愛のかたち
『咲貴、絶対にお父さんとお母さんにもまだ言わないで。』

知香ちゃんは弱々しい声で言った。

わたしはわかった。とだけ言って知香ちゃんの手を取った。


『知香ちゃん、何かあればすぐ言ってね。できることあればチカラになるから。』

そう言うと理沙ちゃんもわたしと知香ちゃんの手をまた上から握り

『わたしも!!』

と大泣きしながら言った。

理沙ちゃん・・・鼻水・・・

でも鼻水も涙も流した理沙ちゃんはいい顔してた気がする。



知香ちゃんはもっと大泣きしながらありがとう。と何度も言っていた。

そして改めて思った。

2人はやっぱり自慢の姉だと。



相手のことをまず考える知香ちゃん。

知香ちゃんのことを考えすぎて大泣きしてしまう理沙ちゃん。

そんな2人が改めて大好きだと思った。



そして知香ちゃんの彼氏が今、のうのうと奥さんと生活をしていると思うと無性に腹が立った。
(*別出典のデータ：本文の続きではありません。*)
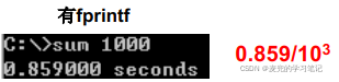 fprintf(IO操作)的耗时 / 计算指令耗时 = (0.859 / 10^3) / (0.015 / 10^7) = 5.7 * 10^5,也就是说IO操作的耗时远超过计算耗时
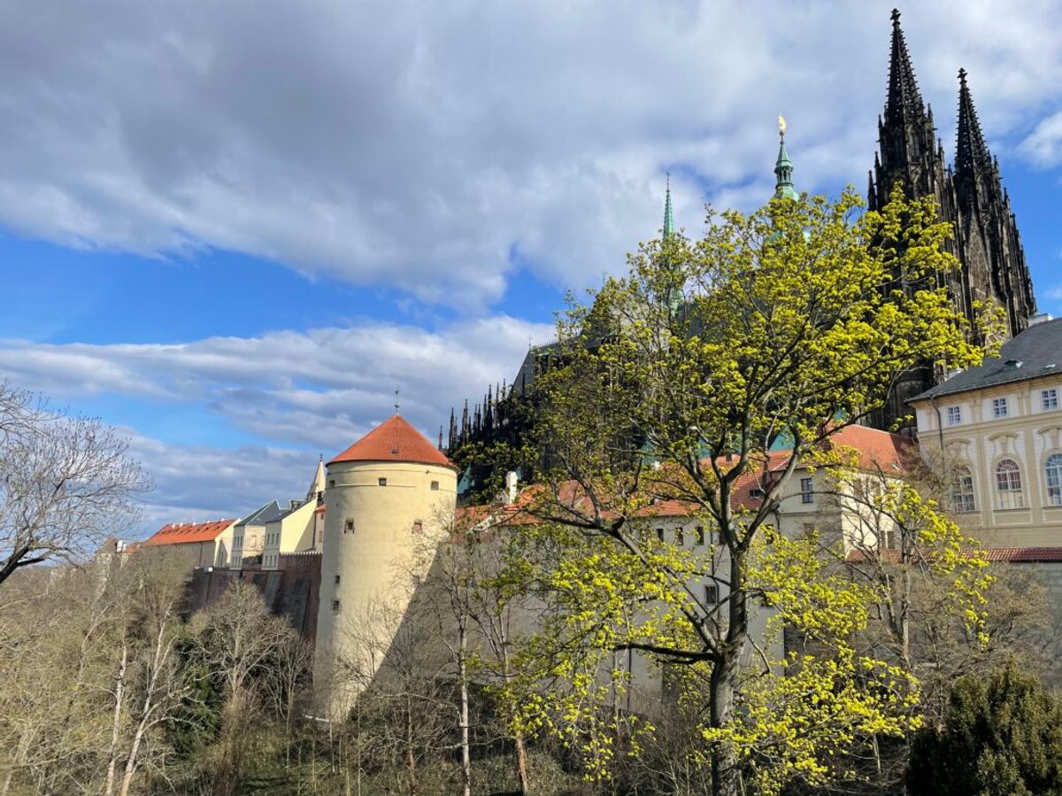 Pohled na Pražský hrad z Prašného most, kudy na simultánku můžete v sobotu 28. června přijít. Ta bílá válcová věž nad Jelením příkopem je Mihulka, tam alchymisté Rudolfa II. Začínali, a když jim byla malá, přesunuli se do prostor Slévárny, kde se bude hrát alternativní simultánka velmistrů Gürela a Navary. Budova Slévárny je lehce krytá stromy, přímo pod katedrálou Svatého Víta.

あまりにイライラしたわたしはこの状態を変えようと思い、話題を変えてみた。


『あのね、わたしバイト先の原口さんと付き合うことになったから。』

とボソッと言った。

その瞬間、弱々しかった知香ちゃんの目つき、大泣きしていた理沙ちゃんの目つきが変わった。



2人はさすが姉妹、同時に

『はぁ!?』

と大声で言った。

わたしはそれに笑いながら

『いいでしょ、イケメンの彼氏。しかもバリ優しいよ。』

憎たらしく言うと理沙ちゃんがその瞬間わたしの首を軽く絞めながらわたしの頭を何度も頭を振り

『ずるい、ずるい!!純と交換して!!』

と笑いながら言っていた。


純くん・・かわいそ。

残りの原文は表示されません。